◆ **ABOUT THIS TASK**:
In the entries that follow, repeat exactly the lines from the one that has "If you are running" through the one that has "블로그로 수익을 내기", but omit pictures.

---

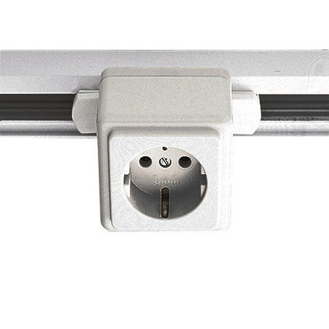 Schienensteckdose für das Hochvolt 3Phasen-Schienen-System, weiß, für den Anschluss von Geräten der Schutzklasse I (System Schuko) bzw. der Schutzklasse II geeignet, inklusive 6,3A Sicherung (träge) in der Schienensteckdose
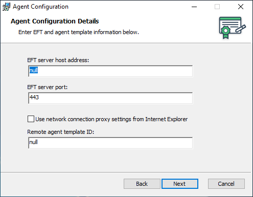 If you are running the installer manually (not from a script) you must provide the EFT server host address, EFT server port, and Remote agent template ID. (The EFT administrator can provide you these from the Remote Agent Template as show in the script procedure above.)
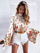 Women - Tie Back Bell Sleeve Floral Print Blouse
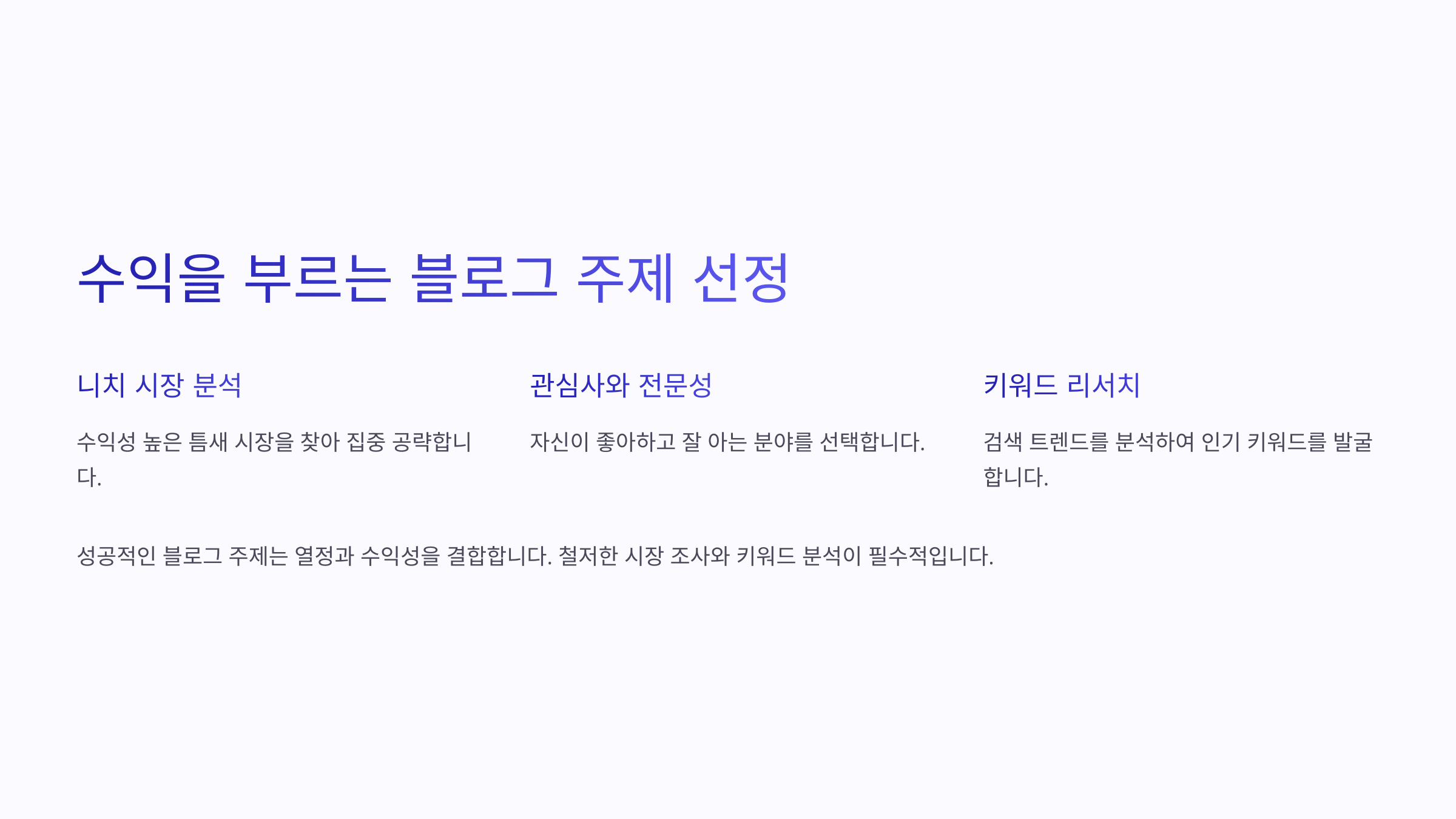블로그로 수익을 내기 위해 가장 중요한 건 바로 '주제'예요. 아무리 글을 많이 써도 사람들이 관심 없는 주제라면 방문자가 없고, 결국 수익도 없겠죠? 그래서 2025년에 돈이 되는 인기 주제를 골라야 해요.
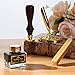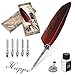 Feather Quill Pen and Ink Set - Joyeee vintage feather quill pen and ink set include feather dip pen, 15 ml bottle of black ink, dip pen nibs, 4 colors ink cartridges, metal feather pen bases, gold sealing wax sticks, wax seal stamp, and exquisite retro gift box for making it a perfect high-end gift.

---

◆ **TASK ANSWER**:
 If you are running the installer manually (not from a script) you must provide the EFT server host address, EFT server port, and Remote agent template ID. (The EFT administrator can provide you these from the Remote Agent Template as show in the script procedure above.)
 Women - Tie Back Bell Sleeve Floral Print Blouse
블로그로 수익을 내기 위해 가장 중요한 건 바로 '주제'예요. 아무리 글을 많이 써도 사람들이 관심 없는 주제라면 방문자가 없고, 결국 수익도 없겠죠? 그래서 2025년에 돈이 되는 인기 주제를 골라야 해요.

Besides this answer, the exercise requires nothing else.